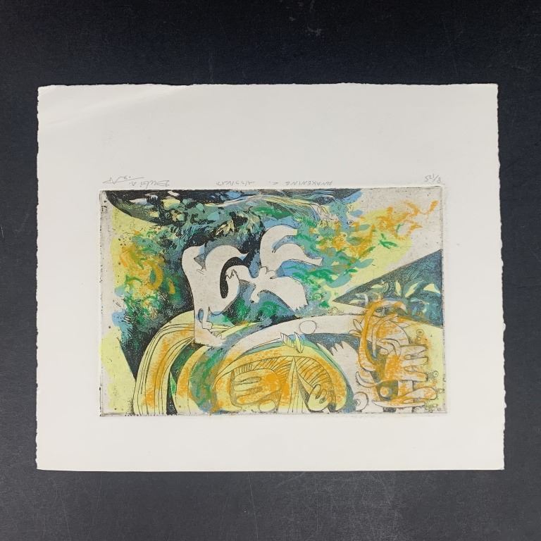 Dubi Arie's "Awakening" limited edition print, signed and numbered 8/125 lower left. This piece is of a couple holding hands, flying through the air. This has been done in Arie's signature colourful style. This piece is in very good to excellent condition with a very minor wrinkle lower right.
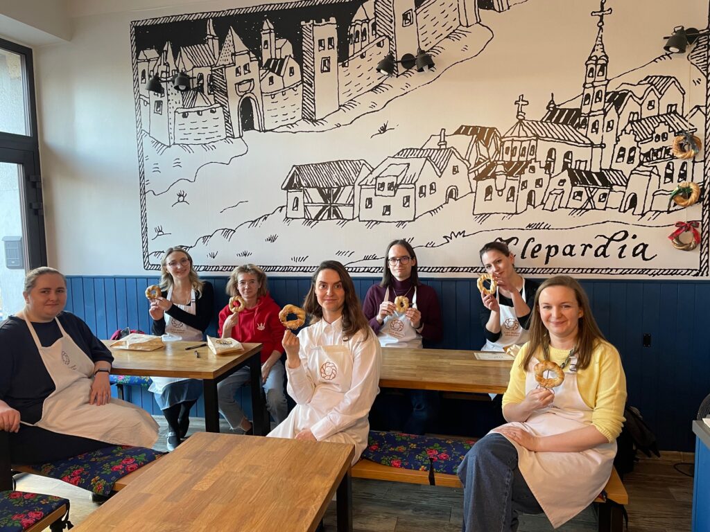 Ostatnie spotkanie naszego zespołu (06.03.2026r.) spędziliśmy w wyjątkowym miejscu – w Muzeum Obwarzanka w Krakowie. Podczas warsztatów mieliśmy okazję poznać ponad 600-letnią historię obwarzanka, jednego z najbardziej charakterystycznych symboli miasta. Dowiedzieliśmy się, jak wygląda tradycyjny proces jego powstawania oraz jakie sekrety kryją się za tym pozornie prostym wypiekiem.
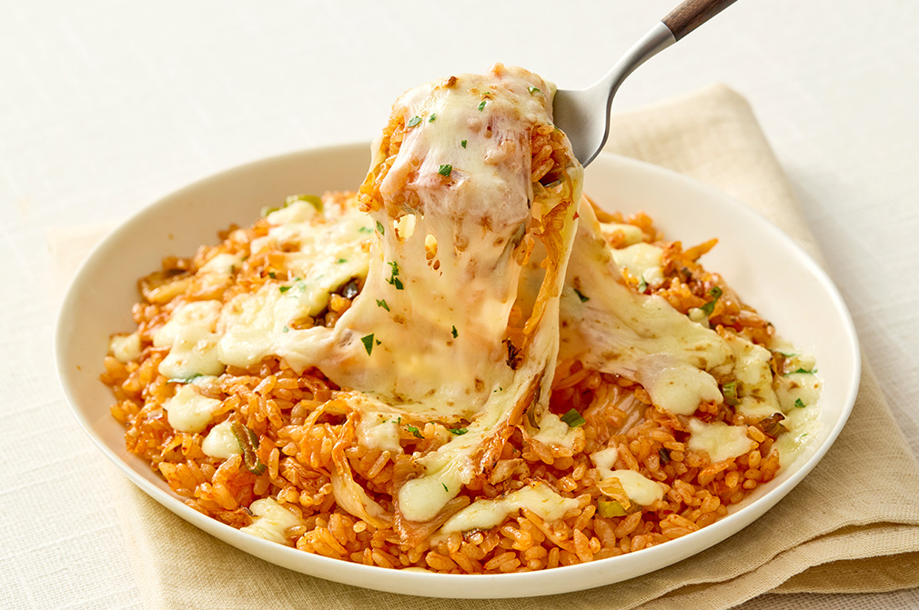 - 모차렐라 치즈를 볶음밥 위에 솔솔 뿌려 드셔보세요. 칼칼한 김치볶음밥과 고소한 치즈의 풍미가 잘 어울려요.
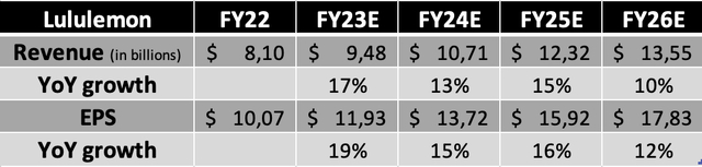 简短地解释一下这些估计,现在预计 Lululemon 报告的 23 财年收入为 94.8 亿美元,每股收益为 11.93 美元,均处于管理层指导的高端。预计 Lululemon 将在下半年报告好于预期的业绩,这主要是受需求略有改善和国际市场持续增长的推动,而国际市场主要受在华市场增长的推动。
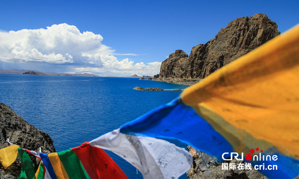 天湖纳木措湖畔悬挂着的经幡 摄影 廖继勇

## Exercise instructions
Apart from the pictures, every line of the data above should be given again exactly.

## Solution for this task
 Dubi Arie's "Awakening" limited edition print, signed and numbered 8/125 lower left. This piece is of a couple holding hands, flying through the air. This has been done in Arie's signature colourful style. This piece is in very good to excellent condition with a very minor wrinkle lower right.
 Ostatnie spotkanie naszego zespołu (06.03.2026r.) spędziliśmy w wyjątkowym miejscu – w Muzeum Obwarzanka w Krakowie. Podczas warsztatów mieliśmy okazję poznać ponad 600-letnią historię obwarzanka, jednego z najbardziej charakterystycznych symboli miasta. Dowiedzieliśmy się, jak wygląda tradycyjny proces jego powstawania oraz jakie sekrety kryją się za tym pozornie prostym wypiekiem.
 - 모차렐라 치즈를 볶음밥 위에 솔솔 뿌려 드셔보세요. 칼칼한 김치볶음밥과 고소한 치즈의 풍미가 잘 어울려요.
 简短地解释一下这些估计,现在预计 Lululemon 报告的 23 财年收入为 94.8 亿美元,每股收益为 11.93 美元,均处于管理层指导的高端。预计 Lululemon 将在下半年报告好于预期的业绩,这主要是受需求略有改善和国际市场持续增长的推动,而国际市场主要受在华市场增长的推动。
 天湖纳木措湖畔悬挂着的经幡 摄影 廖继勇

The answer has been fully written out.